Золотая цепь

22
18
20
22
24
26
28
30

Корделия, которая сидела перед зеркалом и расчесывала волосы, вздохнула. Она полночи плакала, в ужасе осознав, в какое положение поставила брата, привязавшись к нему со своим непрошеным сочувствием. Она знала, что не заслуживает никаких подарков, да и вечера в Адском Алькове, если уж на то пошло.

– Скорее всего, это от Люси…

Мать уже развернула упаковку и открывала коробку. Райза отошла к двери; судя по выражению ее лица, ее встревожило радостное возбуждение Соны. Зашуршала тонкая бумага, и Сона громко ахнула:

– О, Лейли!

Корделия, будучи не в силах сдержать любопытство, поднялась со стула и подошла к матери. И, в свою очередь, ахнула. Сона извлекла из коробки дюжину платьев: дневные платья и чайные платья, потрясающие вечерние наряды сочных, насыщенных цветов. Здесь было бирюзовое кружево, хлопчатобумажные ткани цвета корицы, винного цвета, ярко-зеленые шелка, шелка цвета кларета, бордовые, золотистые, темно-розовые.

Сона взяла шелковое платье бронзового цвета с отделкой из шифона на корсаже и подоле.

– Какое красивое, – произнесла она с некоторой неохотой. – Это от Джеймса, верно?

Корделия, оправившись от изумления, заметила среди чайных платьев небольшую карточку с буквой «А» и сразу же сообразила, от кого коробка. Но ей показалось, что если мать поверит в то, что это подарок Джеймса, она позволит ей надевать новые наряды. И Корделия не стала переубеждать Сону.

– Как это мило с его стороны, тебе не кажется? – заметила она. – Я могу надеть новое платье сегодня – в Институте будет вечер.

Сона восторженно заулыбалась, и на сердце Корделии легла свинцовая тяжесть. Теперь мать сочтет, что у Джеймса имеются серьезные намерения. Какая ирония, подумала она; впервые в жизни их с матерью желания совпали, но этим желаниям не суждено исполниться.

Ровно в девять Анна заехала за Корделией в новеньком черном экипаже. Корделия поспешила к дверям, закутавшись в накидку, несмотря на то, что вечер был теплый, и забралась в карету, не обращая внимания на просьбы матери прихватить еще и перчатки, а может быть, даже муфту.

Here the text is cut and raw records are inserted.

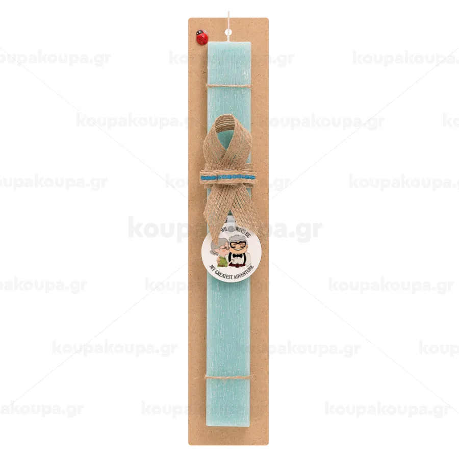 UP, YOU WILL ALWAYS BE MY GREATEST ADVENTURE, Easter Set, wooden keychain & aromatic flat Easter candle (30cm) (TURQUOISE)
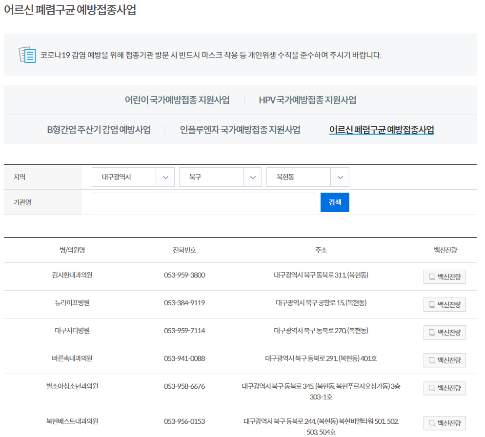 2. 자신이 원하는 지역을 입력하고 검색 버튼을 클릭하면 예방접종이 가능한 병/의원명이 나타난다.
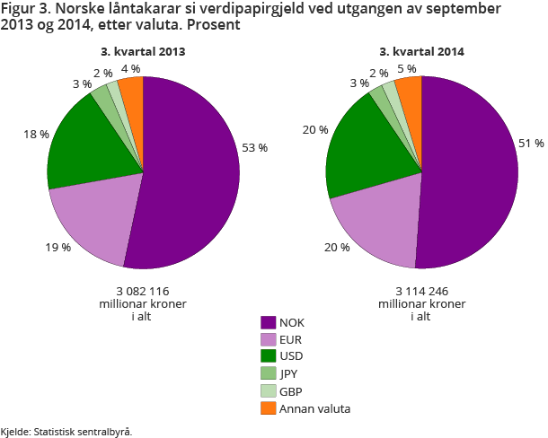 Nesten alle lån i Noreg blir tekne opp i norske kroner, medan låna som innlendingar tar opp i utlandet, blir tekne opp i euro, amerikanske dollar, japanske yen og i nokre tilfelle annan valuta. Frå september 2013 til september 2014 svekka kronekursen seg særleg mot dollar og britiske pund. Dette, saman med ein moderat vekst i volumet for emisjonar utanfor Noreg, førte til at gjelda frå emisjonar av obligasjonar og sertifikat som norske einingar har i Noreg og utlandet, samla gjekk opp med om lag 1 prosent.
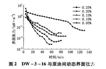 圖2 DW-3-16與原油間動態(tài)界面張力
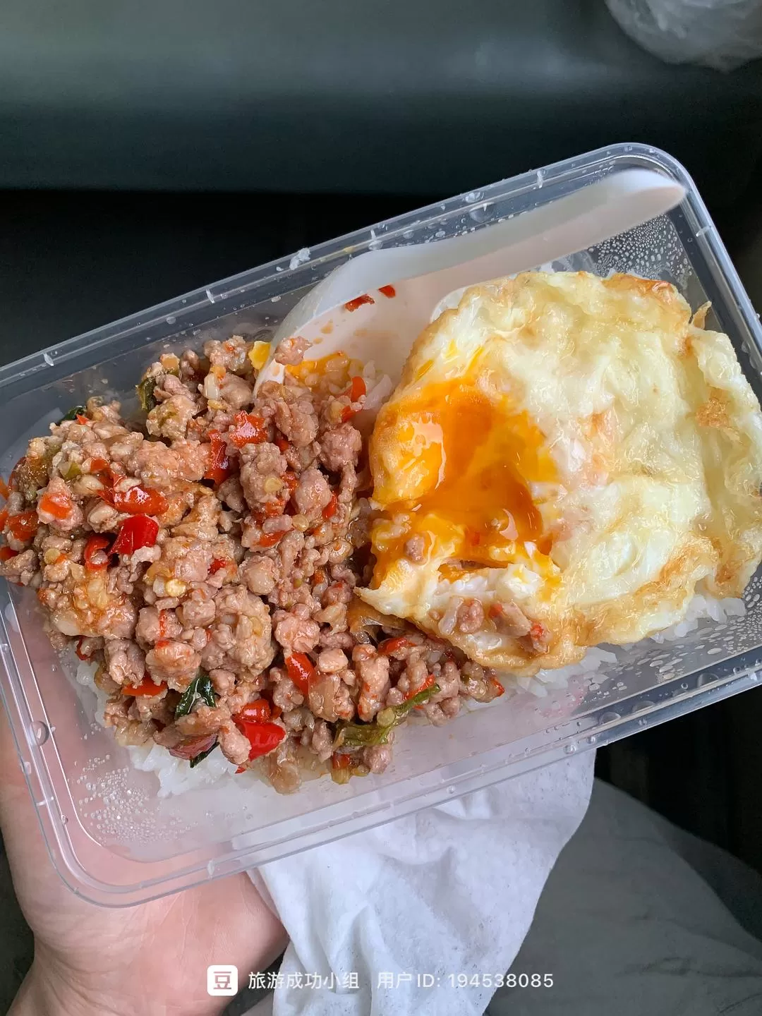 上了车有人来售卖饮料饭菜,买了这个应该是打抛饭?

Сиденья кареты были обиты алым бархатом, медные детали и гвоздики ослепительно сияли. Анна сидела, небрежно скрестив длинные ноги. Она была одета в элегантный черный мужской костюм с белой накрахмаленной рубашкой. В галстуке поблескивала аметистовая булавка – такого же цвета, как глаза Кристофера; пиджак облегал узкие плечи и тонкие руки молодой женщины. Анна была совершенно спокойна, и Корделия позавидовала ее всегдашней уверенности в себе.

– Спасибо, – застенчиво заговорила Корделия, когда экипаж тронулся. – Платья просто замечательные… тебе не обязательно было…

Анна небрежно отмахнулась от благодарностей.

– Это абсолютно ничего мне не стоило. Одна портниха-оборотень кое-чем мне обязана, а Мэтью помог мне подобрать ткани. – Она приподняла бровь. – Итак, что же ты решила надеть сегодня?

Корделия сбросила накидку и продемонстрировала наряд из блестящего шелка цвета бронзы. Прикосновение тяжелой, прохладной ткани напоминало ощущение, испытываемое при погружении в воду; шифоновая отделка мягко касалась щиколоток. Платье оказалось также довольно практичным – мать помогла Корделии спрятать Кортану в ножнах на спине, между тканью и корсетом. Анна одобрительно прищелкнула языком.

– Да, Корделия, тебе идут насыщенные цвета: винно-красный, изумрудный, бирюзовый. Элегантный покрой и простота, никаких рюшей.

Карета свернула в сторону Вест-Энда. Было что-то волнующее в этом путешествии к сердцу Лондона, прочь от аккуратных домов и зеленых скверов Кенсингтона, навстречу толпе людей и бурлящей жизни.

– У нас есть какой-нибудь план? – спросила Корделия, пристально глядя в окно, на площадь Пикадилли. – Что мы будем делать, когда приедем туда?

– Лично я буду заниматься соблазнением, – сообщила Анна. – Вы будете отвлекать гостей или, по крайней мере, постараетесь мне не мешать.